• **HOW TO COMPLETE THIS TASK**:
Only one stretch of the material below is wanted: everything from the line containing "Запеченные рогалики с" down to the line containing "문고로 갖춰져 있습니다.", both ends included. Repeat it exactly and skip the pictures.

• **RECORDS PROVIDED**:
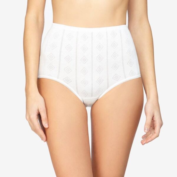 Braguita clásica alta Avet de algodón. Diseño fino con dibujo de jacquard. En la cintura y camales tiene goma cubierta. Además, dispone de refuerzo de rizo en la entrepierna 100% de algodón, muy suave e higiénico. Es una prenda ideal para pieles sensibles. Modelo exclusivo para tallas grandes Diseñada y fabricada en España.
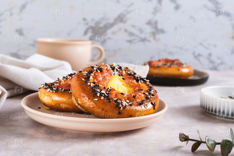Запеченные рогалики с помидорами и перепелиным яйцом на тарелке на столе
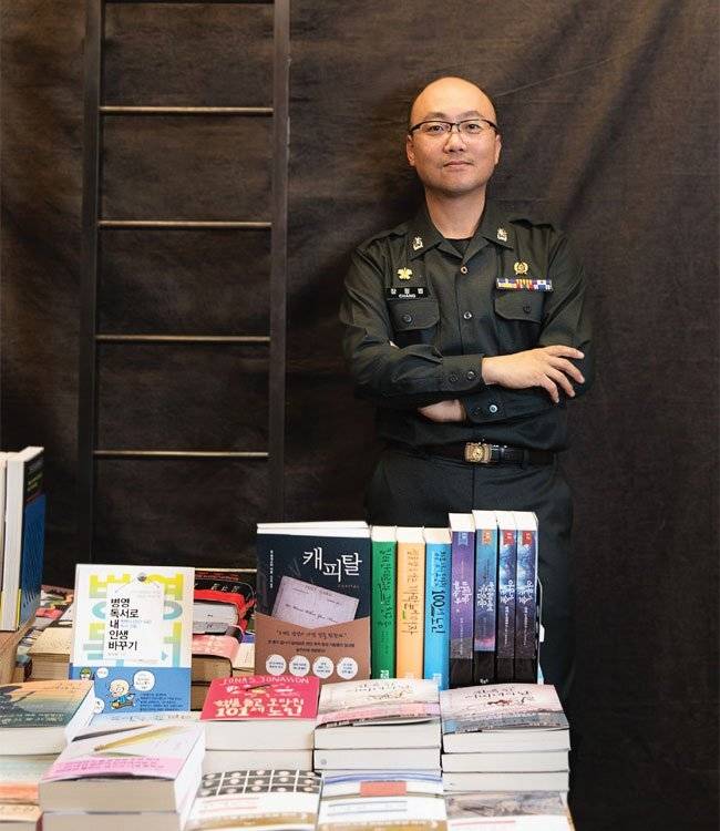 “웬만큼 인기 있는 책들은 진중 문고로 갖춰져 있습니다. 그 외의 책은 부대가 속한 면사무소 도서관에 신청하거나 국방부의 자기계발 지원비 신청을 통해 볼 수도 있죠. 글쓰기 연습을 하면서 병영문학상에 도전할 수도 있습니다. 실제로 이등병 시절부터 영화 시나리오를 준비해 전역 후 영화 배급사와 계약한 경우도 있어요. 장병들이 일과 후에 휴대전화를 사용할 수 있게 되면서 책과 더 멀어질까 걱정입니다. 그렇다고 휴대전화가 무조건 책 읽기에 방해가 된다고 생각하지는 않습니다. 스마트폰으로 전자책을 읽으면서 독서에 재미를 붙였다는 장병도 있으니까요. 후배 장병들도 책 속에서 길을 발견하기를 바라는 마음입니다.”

==

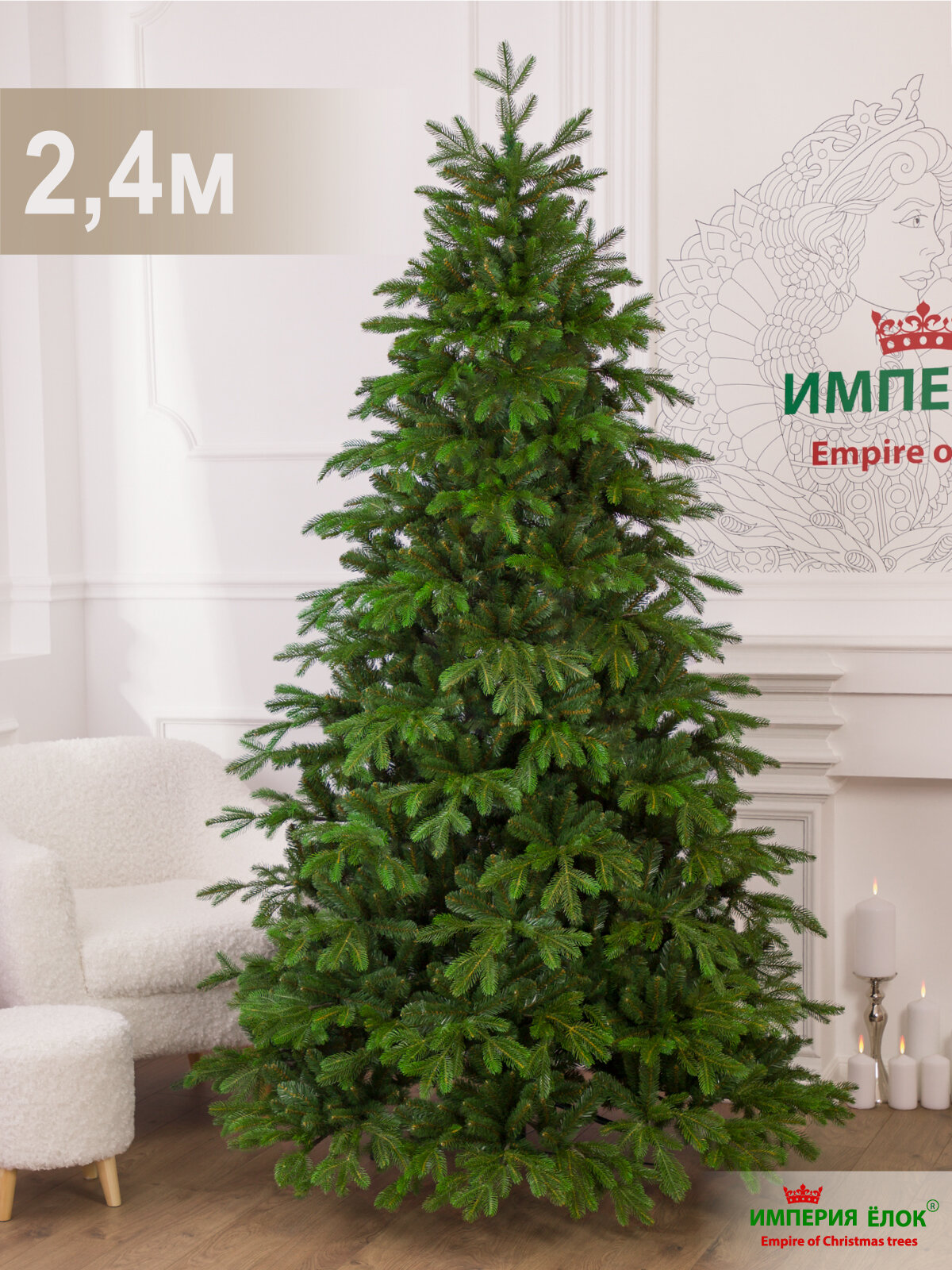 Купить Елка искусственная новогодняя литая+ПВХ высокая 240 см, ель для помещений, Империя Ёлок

• **OUTPUT OF THE TASK**:
Запеченные рогалики с помидорами и перепелиным яйцом на тарелке на столе
 “웬만큼 인기 있는 책들은 진중 문고로 갖춰져 있습니다. 그 외의 책은 부대가 속한 면사무소 도서관에 신청하거나 국방부의 자기계발 지원비 신청을 통해 볼 수도 있죠. 글쓰기 연습을 하면서 병영문학상에 도전할 수도 있습니다. 실제로 이등병 시절부터 영화 시나리오를 준비해 전역 후 영화 배급사와 계약한 경우도 있어요. 장병들이 일과 후에 휴대전화를 사용할 수 있게 되면서 책과 더 멀어질까 걱정입니다. 그렇다고 휴대전화가 무조건 책 읽기에 방해가 된다고 생각하지는 않습니다. 스마트폰으로 전자책을 읽으면서 독서에 재미를 붙였다는 장병도 있으니까요. 후배 장병들도 책 속에서 길을 발견하기를 바라는 마음입니다.”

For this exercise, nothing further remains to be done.